Final Total: 6 Finals, 5 Championships


Gregg Popovich.

Finally. Popovich coached (and managed) the Spurs to their only six Finals appearances, winning five.

Running Total: 6 Finals, 5 Championships


Tally: These six people, between them, accumulated 74 Finals appearances* and 49 Championships.

While all 49 of those championships are unique (in other words, these six guys have unequivocally accounted for 49 of the 74 total championships in NBA history), those 74 appearances do run into each other (i.e. we're not counting overlaps with the same team, but with OPPOSING teams we are.) For instance, West's Finals appearances as a player were almost all playing against Auerbach's Celtics, and in the '80s, Auerbach (as Celtics GM), West (as Lakers GM), and Riley (as Lakers coach) butted heads in several Finals. So how much overlap is there (i.e. how many Finals included one or more of these guys on either side)? And how many Finals didn't feature at least one of these guys?


Overlap:

1959 - Kundla vs Auerbach
1962, '63, '65, '66, '68, '69 - West vs Auerbach
1984, '85, '87 - West and Riley vs Auerbach
1991 - West vs Jackson
2013, '14 - Popovich vs Riley

So in total, 13/74 Finals featured one or more of these six people on each team.

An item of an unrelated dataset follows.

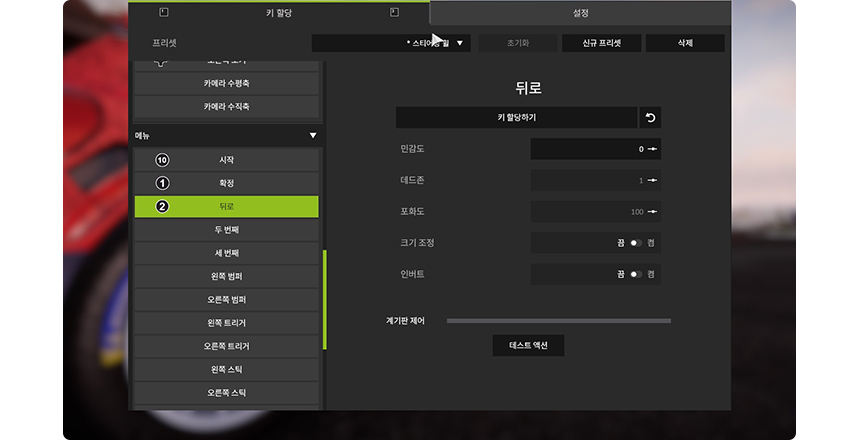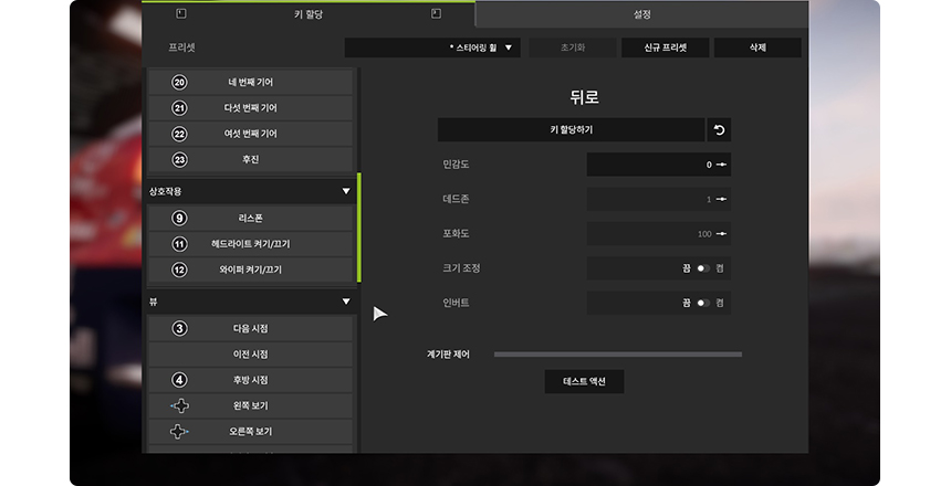 각 기능마다 엘리트 휠을 사용하여 키 할당해 주세요.

(Fun fact, and it doesn't count, but in '70 and '73 West's Lakers met player!Jackson's Knicks in the Finals.)


Finals Without the Six:

You can just do the math and determine 74-13 = 61, so the answer's 13. But if you're wondering:

1947 - Stags vs Warriors
1948 - Bullets vs Warriors
1951 - Royals vs Knicks
1955 - Pistons vs Nationals
1956 - Pistons vs Warriors
1967 - Warriors vs 76ers
1971 - Bucks vs Bullets
1975 - Warriors vs Bullets
1977 - Blazers vs 76ers
1978 - Sonics vs Bullets
1979 - Sonics vs Bullets
1990 - Blazers vs Pistons
1995 - Rockets vs Magic

A few quick notes. First of all, I love how many legendary teams are on here -- the '67 76ers (that's the one Wilt team that got past the Celtics) and the '71 Bucks (that's the Kareem/Oscar Robertson team) stand out, and the '90 Pistons and '95 Rockets get talked about a little. Second, it's astounding that every single Finals since 1995 has one or more of our six. That's by far the longest streak in NBA history, at 25 years (second-longest was 10 years from '57-'66), and two of our six were retired or dead. It was all Jackson, Popovich, West, and Riley. I wonder what's causing this, other than a confluence of those four guys being active at the same time. Finally, it's interesting that the '50s and '70s are the decades that we mostly miss, but it makes sense -- Kundla was the only one of our six around for most of the '50s (Auerbach shows up for the first time in the '57 Finals). As for the '70s, that's before Riley, Jackson, or Popovich really showed up as coaches, and West was in his awkward transition between player and exec, so you're really only getting West's player Finals and Auerbach's two titles.


Who Else?

So it's obviously tempting to try to fill the gaps here. And we CAN -- Eddie Gottlieb, Les Harrison, Charles Eckman, someone in the 6ers organization, someone in the Bullets' organization (I can't find a name and I'm not super eager to look), Chuck Daly, and Rudy Tomjanovich could potentially get us to 74/74 appearances with 13 total people (n.b. I'm assuming there are some important people in common through a few of these teams, but I don't know who ran the front office of e.g. the Bullets in the '70s). But none of those guys are really qualified for this list. The point of what we're doing here is to isolate the people most responsible for championships. Unless there really is one guy in common through those four Bullets teams (I don't think there is -- they had three coaches through those four finals -- and even if there was, they'd be 1-3 in Finals and a far stretch from our LEAST successful member, the 5-1 John Kundla), these are basically just random years when our guys just weren't quite there.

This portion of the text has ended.